Basketball games are still being held in packed indoor arenas, and a significant number of the league’s arenas do not require proof of vaccination to attend games. Meanwhile, Broadway shows, which do require proof of vaccination for attendance, plan to quickly reopen the doors to their relatively intimate indoor crowded theaters as soon as possible.

And while larger sports arenas may offer more opportunities to socially distance compared to smaller live theaters, experts warn that any crowded indoor venue may be a risk.

With each US state’s live entertainment venues effectively crafting their own safety protocols, even the largely vaccinated, mask-wearing sector of the public is growing weary of the challenges associated with being entertained while also remaining healthy.

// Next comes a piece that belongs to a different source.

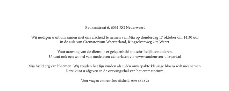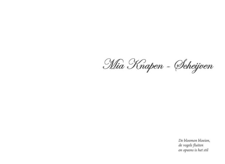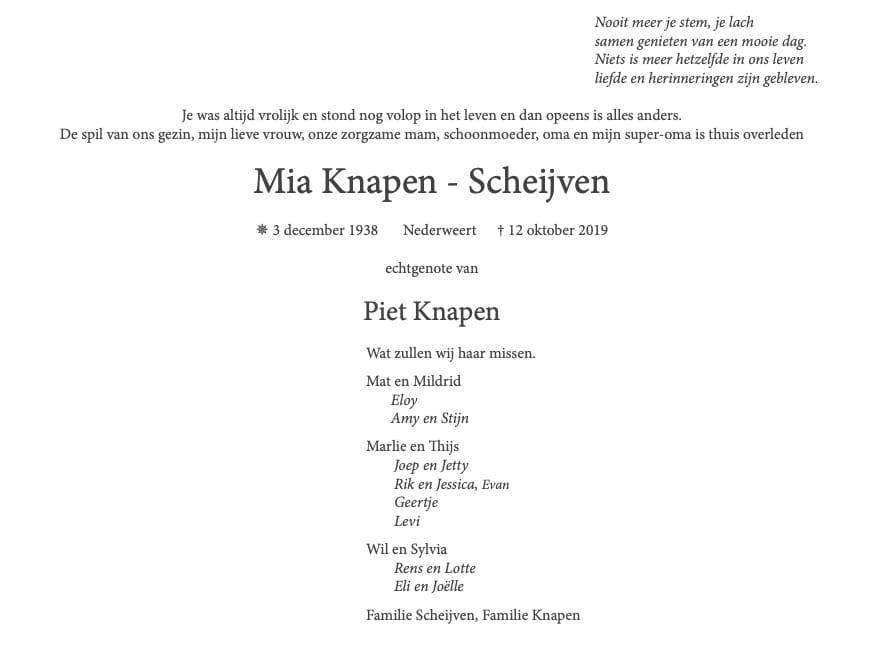 Beste Piet, kinderen, kleinkinderen en achterkleinkind, wat een schok, onwerkelijk, maar helaas de harde realiteit. We hoorden het 2 dagen geleden, vol ongeloof zijn wij. Heb 2 weken geleden nog met Mia gebabbeld. Altijd vrolijk, vriendelijk en lachend.

Resisting the next shutdown

Despite the challenges on Broadway, the city’s mayor, Bill de Blasio, has avoided calling for another shutdown that might reignite the economic turmoil felt by the city last year. As New Year’s Eve approaches, which usually draws 1 million live spectators to Times Square and 1 billion viewers around the world, the city hasn’t announced plans to cancel the annual event. 

“The minute you have anything that is all outdoors and all fully vaccinated people, you’re having an entirely different and better discussion,” said de Blasio. “Because it is an event where people are fully vaccinated and all outdoors, right now, that’s something we’re going forward with.”